Residents Concerned about Mystery Utility Workers in Northland


Residents in Northland, Kansas City, are expressing alarm over the presence of unidentified utility workers in their neighborhoods. The situation has left many homeowners questioning the legitimacy and purpose of these workers, who seem to be contracted by various utility companies. The concern began when Josh Smith, a resident of Country Gardens, noticed workers dressed in utility gear roaming around his property. Perplexed, Smith reached out to his neighbors for more information. Michelle W. and Vicki Murray confirmed seeing the workers, but their purpose remained unknown.

 mystery workers spotted on the side of a house

Alisha Blackwelder, another resident of Country Gardens, decided to check her home security camera footage to see if the workers had visited her property as well. To her surprise, the footage revealed one of the workers entering her backyard without leaving any notice or explanation.

Speculation about the workers' identity and purpose ran rampant among the concerned residents. Some suggested they could be tree trimmers contracted by Evergy, while others speculated they might be cable or fiber contractors. However, residents pointed out that neither the gas, electric, nor water departments had any knowledge of crew visits to the area. Suggestions poured in from community members, with some advising residents to ask the workers directly about their activities. Others recommended calling the local authorities, such as the police or 311 at KC, to report suspicious activity and seek clarification on the workers' legitimacy.

mystery workers taking a break

Amidst the uncertainty, residents shared their experiences with similar encounters. Denise Wheeler and Donna Ozuna mentioned instances where workers performed utility-related tasks without prior notice or consent.
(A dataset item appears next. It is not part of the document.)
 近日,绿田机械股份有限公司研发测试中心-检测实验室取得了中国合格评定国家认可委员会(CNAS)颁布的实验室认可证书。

However, opinions varied on the extent of workers' rights to access private property, with Chad Kerns emphasizing that their activities should be limited to established right-of-ways. As the discussion unfolded, Ann Maucelli McNelly expressed her frustration, stating that since all utilities in her area were underground, there should be no need for workers to enter her backyard or trim trees. Others urged caution and vigilance while acknowledging the potential necessity of these workers' presence.

Picture was snapped by a residents' security cam as mystery worker knocked on door. Resident was too alarmed to answer the door.
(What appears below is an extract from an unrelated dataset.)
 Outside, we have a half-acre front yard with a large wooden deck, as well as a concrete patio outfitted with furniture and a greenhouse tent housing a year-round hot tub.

My Gladstone reached out to the cities of Liberty, Kansas City and Gladstone.  According to their reps, if you contact the utility companies and they deny having workers in the area, but you still see workers claiming to be from the company, both statements are likely true. We were told that these workers were likely contracted by the utility companies to handle tasks that were previously done by employees. The utility companies may not always be aware of the specific locations where their contractors are working on smaller projects, but they would be aware of larger ones.

Kelly Nestelroad from Kansas City, KS shared a personal experience related to workers claiming to be from the government. In one instance, Kelly noticed a red beam of light moving across her wall shortly after moving into a new place. On another occasion, workers in a white truck with out-of-state license plates claimed to be from Google Fiber, but Kelly suspected something was amiss. She called Google Fiber and discovered they didn't send workers at such late hours. The workers were seen installing a camera on a telephone pole in a neighbor's yard. Kelly contacted the police, who merely observed from their patrol car until the workers finished and left. Kelly also reached out to BPU (Board of Public Utilities) but received no response. This experience raised concerns about the legitimacy and actions of these workers. The mystery surrounding these utility workers continues to unsettle Northland residents, highlighting the need for clear communication and transparency from utility companies regarding contracted workers' activities. Concerned homeowners are left grappling with questions about their privacy, safety, and the potential risks associated with unauthorized access to their properties.